TASK ITEM | In the listing below, find the line containing "注意,代码中可以使用STAT" and the line containing "商品名 : ピンクレムリアンシード水晶ポイント/カブラル産 No7", then copy exactly everything from the first through the second, except the pictures.

RECORDS SUPPLIED |
*****

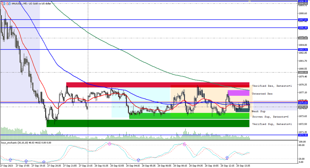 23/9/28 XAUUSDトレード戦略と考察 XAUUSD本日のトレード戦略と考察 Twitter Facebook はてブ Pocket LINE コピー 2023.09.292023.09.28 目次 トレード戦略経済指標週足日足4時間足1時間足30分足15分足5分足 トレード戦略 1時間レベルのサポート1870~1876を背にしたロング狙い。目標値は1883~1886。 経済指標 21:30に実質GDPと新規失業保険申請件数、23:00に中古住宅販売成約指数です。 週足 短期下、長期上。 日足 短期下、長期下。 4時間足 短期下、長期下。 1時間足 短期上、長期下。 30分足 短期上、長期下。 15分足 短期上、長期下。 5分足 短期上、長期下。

*****

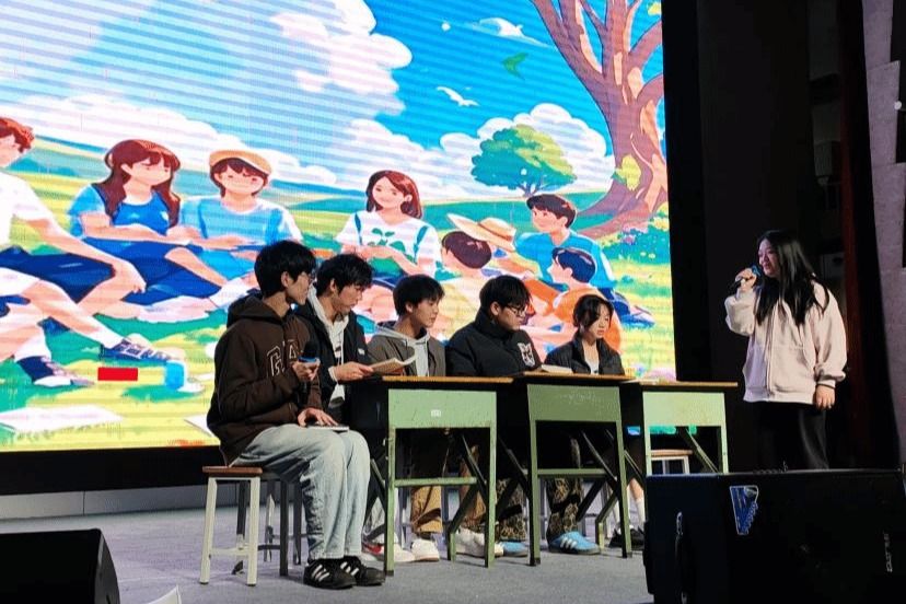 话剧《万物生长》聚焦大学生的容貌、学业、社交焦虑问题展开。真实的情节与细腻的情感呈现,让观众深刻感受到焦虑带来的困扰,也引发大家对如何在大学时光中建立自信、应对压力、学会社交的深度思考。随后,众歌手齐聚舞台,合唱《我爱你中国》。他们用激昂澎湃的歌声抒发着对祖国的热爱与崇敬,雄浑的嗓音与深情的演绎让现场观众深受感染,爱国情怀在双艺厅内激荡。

*****

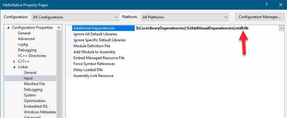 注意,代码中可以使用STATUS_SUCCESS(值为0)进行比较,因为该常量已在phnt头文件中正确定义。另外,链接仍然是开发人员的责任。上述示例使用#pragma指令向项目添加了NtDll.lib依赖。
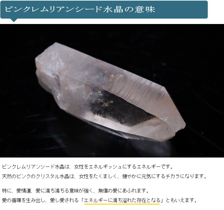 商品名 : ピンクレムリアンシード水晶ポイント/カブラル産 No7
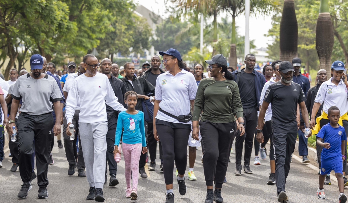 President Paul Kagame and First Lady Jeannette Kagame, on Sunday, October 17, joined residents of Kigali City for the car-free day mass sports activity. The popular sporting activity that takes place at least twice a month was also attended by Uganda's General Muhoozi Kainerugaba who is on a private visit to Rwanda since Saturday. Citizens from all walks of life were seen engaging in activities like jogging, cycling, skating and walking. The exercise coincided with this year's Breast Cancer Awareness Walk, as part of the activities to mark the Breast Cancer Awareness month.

*****

EXERCISE ANSWER |
 注意,代码中可以使用STATUS_SUCCESS(值为0)进行比较,因为该常量已在phnt头文件中正确定义。另外,链接仍然是开发人员的责任。上述示例使用#pragma指令向项目添加了NtDll.lib依赖。
 商品名 : ピンクレムリアンシード水晶ポイント/カブラル産 No7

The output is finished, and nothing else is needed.